What a ride we’re on…

Sometimes I think the anxious people, the people with high blood pressure, the people always on edge, maybe even the paranoid folks…sometimes I think they’re more right that the calm ones.  Why should we think good things will happen today?  Heaven knows there are lots of bad things happening.  Reading U.S. history from 1820 until now, especially if you concentrate on the journey of African-Americans through this troubled land of freedom, one does not forget that bad things happened then, and will no doubt happen now.  And most of the time, they don’t just happen.  There’s usually someone else on the other end of the bad thing that’s happening to you, incarnating something other than the “good” of our nature.   Not always, but often.
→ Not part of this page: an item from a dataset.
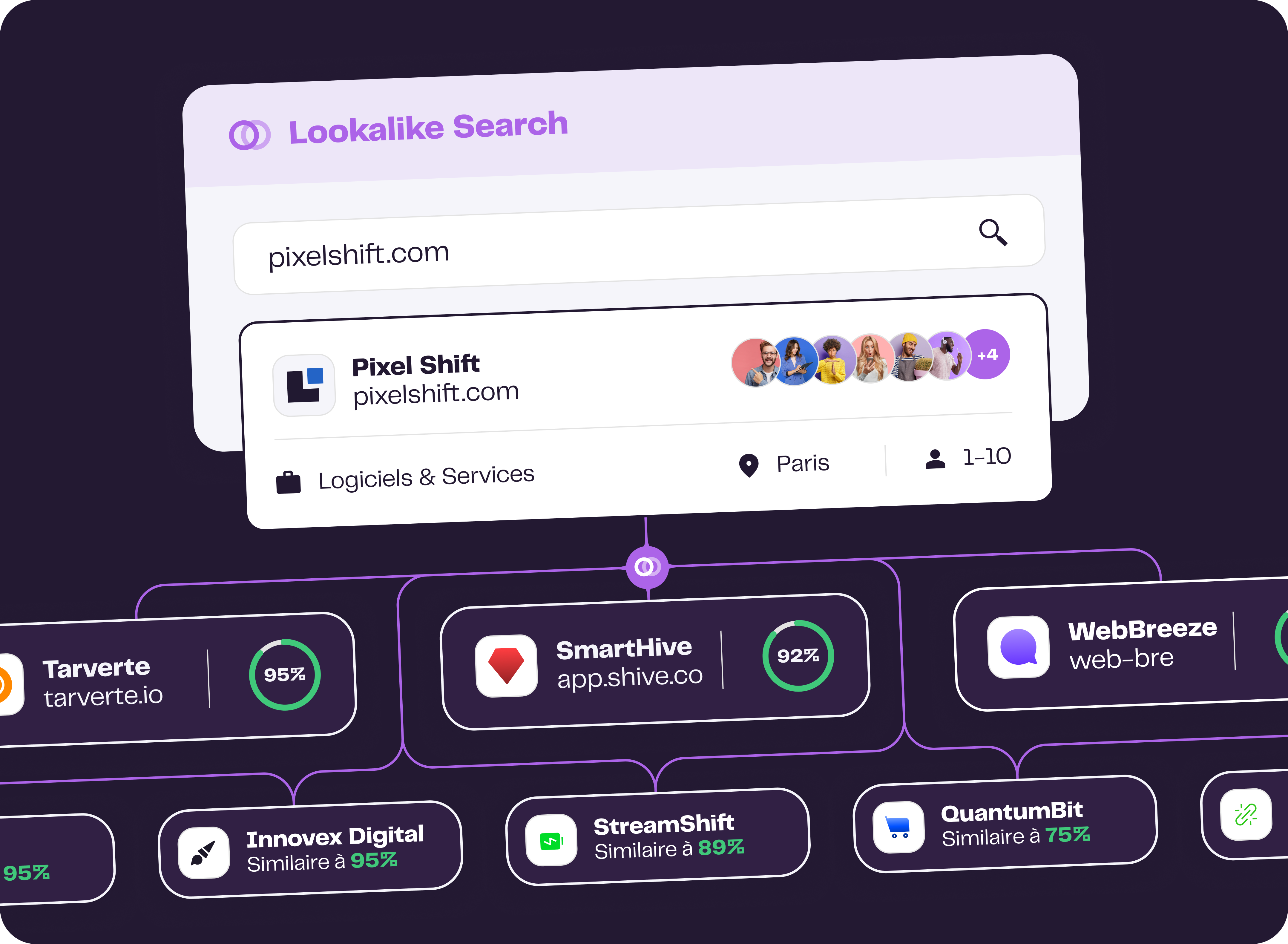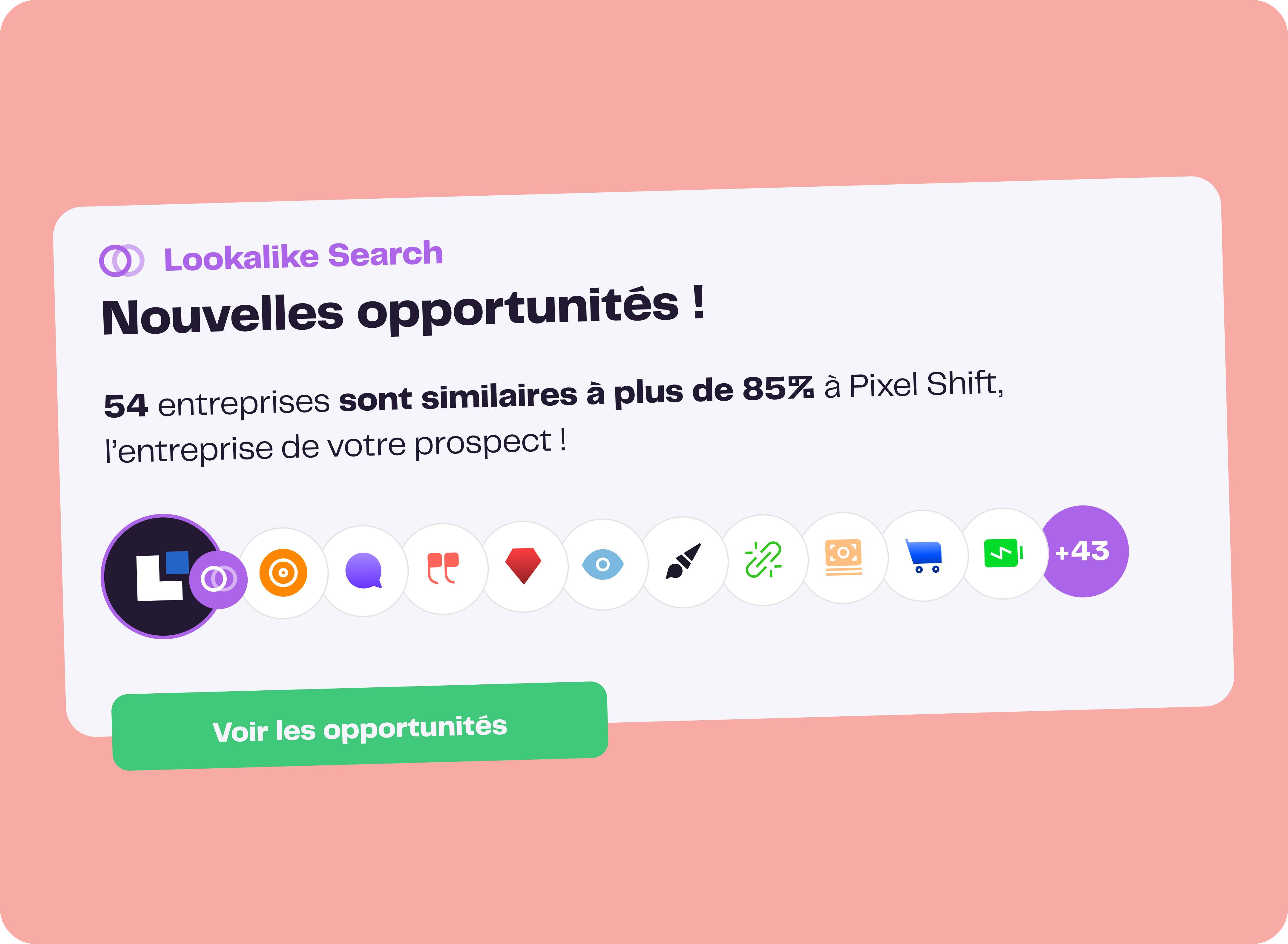 À chaque lead qualifié, obtenez instantanément une liste d’entreprises similaires prêtes à devenir vos prochains clients.

The task, I think, is to find the story, wrestle the meaning out of it, and then tell it as best we can.  As Brian McClaren (The Story We Find Ourselves In) and a host of others are telling us, we are in a narrative in which we are not the primary protagonist.  Oh, from our point of view, we are the protagonist, but in the end, the film is not really about us.  We are, at best, bit players in a cosmic, centuries-old, unfolding drama.   God’s world rolls on past us, and future generations will debate the old values just as previous ones have.  All manner of human sin and proclivity will parade on, and life will continue to be done according to the faith of those tasked with the task of living it.  Meaning, I used to say, is something we don’t really have to strive for, because in Christ, it’s already been given.   Well, may be, but now I’m more inclined to think the whole thing is about naming that meaning.   I’m postmodern enough to believe that there are always multiple ways to tell a story, see a story, or live a story.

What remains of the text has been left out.